Berlin-based dark-ambient techno duo filter raw nature through sculpted digital soundscapes

As Jean-Paul Belmondo’s character Michel Poiccard says in the French new wave classic ‘À Bout De Souffle’, “If you don’t like the sea… and you don’t care for the mountains… and don’t like the big city either… go fuck yourself!”.

It seems that similar sentiments are at the core of this instrumental debut album from Berlin-based Dubliners Dara Smith and Ian McDonnell, aka Lakker, in the manner in which they aim to pair the essence of the chaotic digital heart of the techno-metropolis with the raw power of the elements. The result is an ambitious and sometimes demanding work that requires your unwavering attention. It may also sometimes test your mettle. But for that, there’s ample reward.

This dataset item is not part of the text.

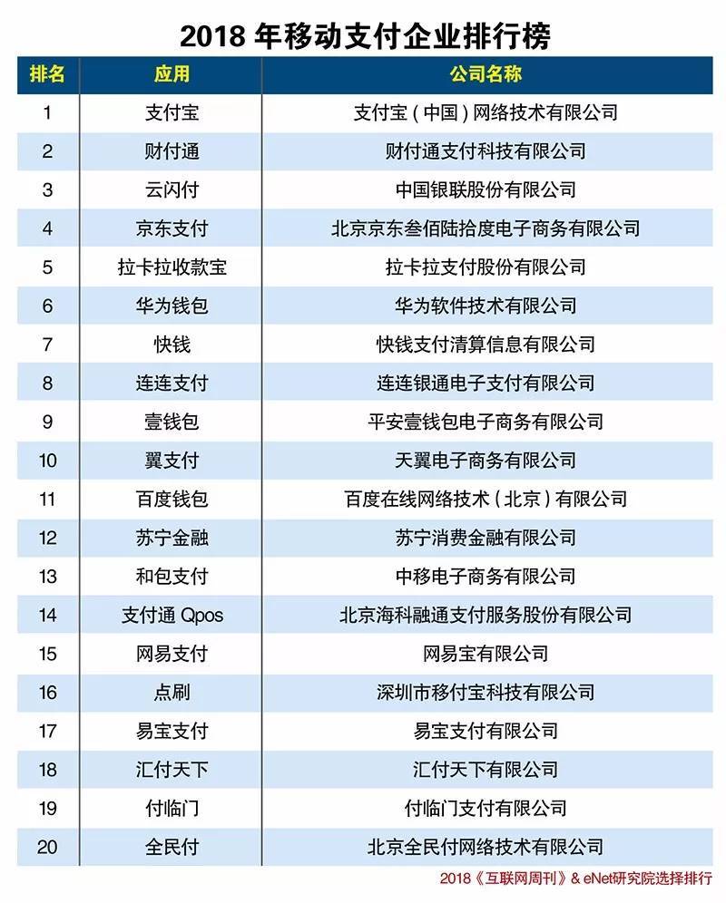 2018年最新中國移動支付企業(yè)排名榜揭曉!
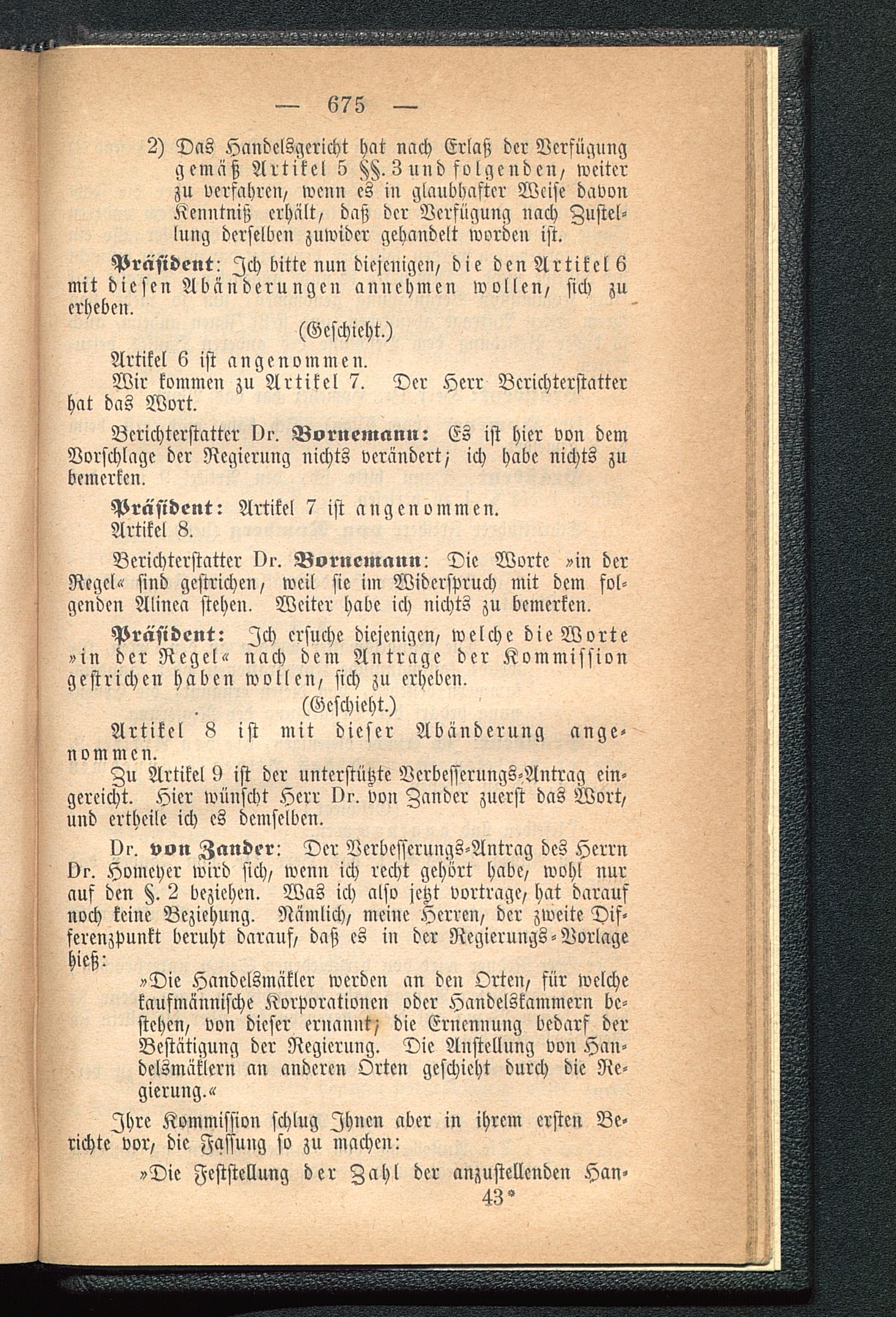vo. von Zander: Der Verbesserungs-Antrag des HerrnDr. Homeyer wird sich/ wenn ich recht gehört habe/ wohl nurauf den §. 2 beziehen. Was ich also jetzt vortrage, hat daraufnoch keine Beziehung. Nämlich/ meine Herren/ der zweite Dif-ferenzpunkt beruht darauf, daß es in der Regierungs-Vorlagehieß:

The choice of samples on ‘Tundra’ deserves special mention. Carefully picked and cleverly placed, these snippets add weight and texture at points where derivation could begin to creep in. There are church bells from Schöneberg and field recordings from Japanese motorway tunnels. There are Inuit throat singers and, on ‘Three Songs’, female choral voices from Dublin, beautifully set against hard metallic beats that could be straight out of a 3am Berlin techno bunker.

Elsewhere, ‘Herald’ crackles and fizzes like a metronomic firework, before unexpectedly giving way to introspective piano keys in a moment that encapsulates the piece’s best sequences, where natural organic warmth is juxtaposed with quite the opposite. Tracks like this have an assuredness that must also owe some debt to the production of Sonic Boom. Classily mastered at his fabled New Atlantis Studios, there’s an astonishing amount of bottom-end gravitas on show here. And at the top-end too, there’s an icy, crystalline clarity and plenty of room for everything in between; from the synth drone to the combative machine-drum beats, which come on with a powerful – and perhaps at times unnecessary – relentlessness.

Lakker themselves namecheck reference points that include the choral minimalism of avant-garde composer Arvo Part and Japanese noise merchant Merzbow. But by bringing giants such as these to mind, expectations are bound to be set high, particularly for those who are turned on by experimental risk. In truth, ‘Tundra’ isn’t wholly satisfying, as a little more balance, space and off-piste freedom wouldn’t go amiss at times, especially during the first half of the album. Thankfully, the considered restraint of ‘Halite’ brings welcome relief from some of the perhaps slightly over-egged percussive harshness, in the form of celestial light and ocean-fresh air.

But that uneasy mix of industrial darkness and natural, unfiltered warmth does seem to be essentially what ‘Tundra’ is about. Combining chaotic, destructive forces within compositions that also contain programmed mathematical predictability, Smith and McDonnell ask us to reflect on parallels that increasingly surround us, but which are seldom considered together.